# What is your favorite nontank ballon tire bike



## RJWess (Jul 15, 2012)

This is my nominee elgin 4 star.


----------



## mruiz (Jul 15, 2012)

Schwinn Wasp  from the 50's, basiclly it is a Phantom, without a tank.
 Mitch


----------



## jwm (Jul 15, 2012)

The first Jaguars were like that- balloon tire three speeds with no tank. Love to find one.

JWM


----------



## rustjunkie (Jul 15, 2012)

It would probably be my Alexander Rocket:


----------



## RJWess (Jul 15, 2012)

alw said:


>




What is this?  Fantastic looking bike...


----------



## RJWess (Jul 16, 2012)

*Saftey streamline*

Saftey streamline love the sweeping design.


----------



## ohdeebee (Jul 16, 2012)

RJWess said:


> View attachment 57946
> 
> Super streamline love the sweeping design.

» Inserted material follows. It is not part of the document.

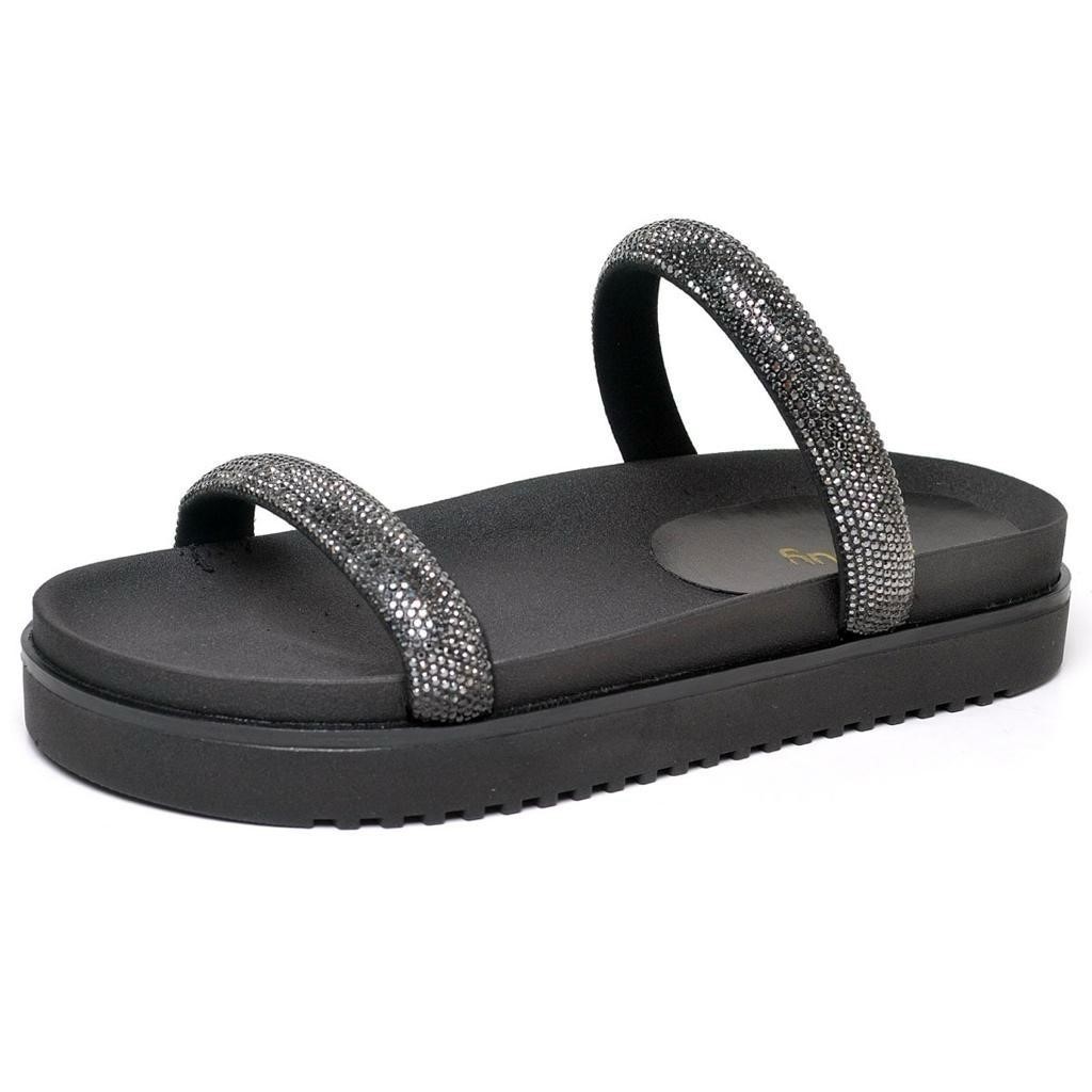 Sandalia Papete Dubuy Feminina Glitter Preta Mavi 2064FG

That's a Safety Streamline, not a Super, which is also my favorite tankless bike.


----------



## irishhiker (Jul 16, 2012)

*I like the ballooner Jaguar, too.*

I found a green 1954 Jaguar at a flea market last summer. The chrome fenders are peppered, but it's a really nice original rider. What a difference that three-speed hub makes on the uphills.


----------



## scrubbinrims (Jul 16, 2012)

Gold Medal- Silver King Flocycle
Silver Medal- Huffman Safety Streamline
Bronze Medal- Elgin Twinbar lines
Non Qualifier- Schwinn cantilever tankless frames (seriously folks?)


----------



## charliechaindrive (Jul 16, 2012)

Alexander rocket???  Wow!!


----------



## ohdeebee (Jul 16, 2012)

scrubbinrims said:


> Gold Medal- Silver King Flocycle
> Silver Medal- Huffman Safety Streamline
> Bronze Medal- Elgin Twinbar lines
> Non Qualifier- Schwinn cantilever tankless frames (seriously folks?)




I agree about the canti frames. They're played out. I'd go flocycle for second place behind the safety.


----------



## jd56 (Jul 16, 2012)

Not that I need to explain myself. But I know nothing of any tankless bikes.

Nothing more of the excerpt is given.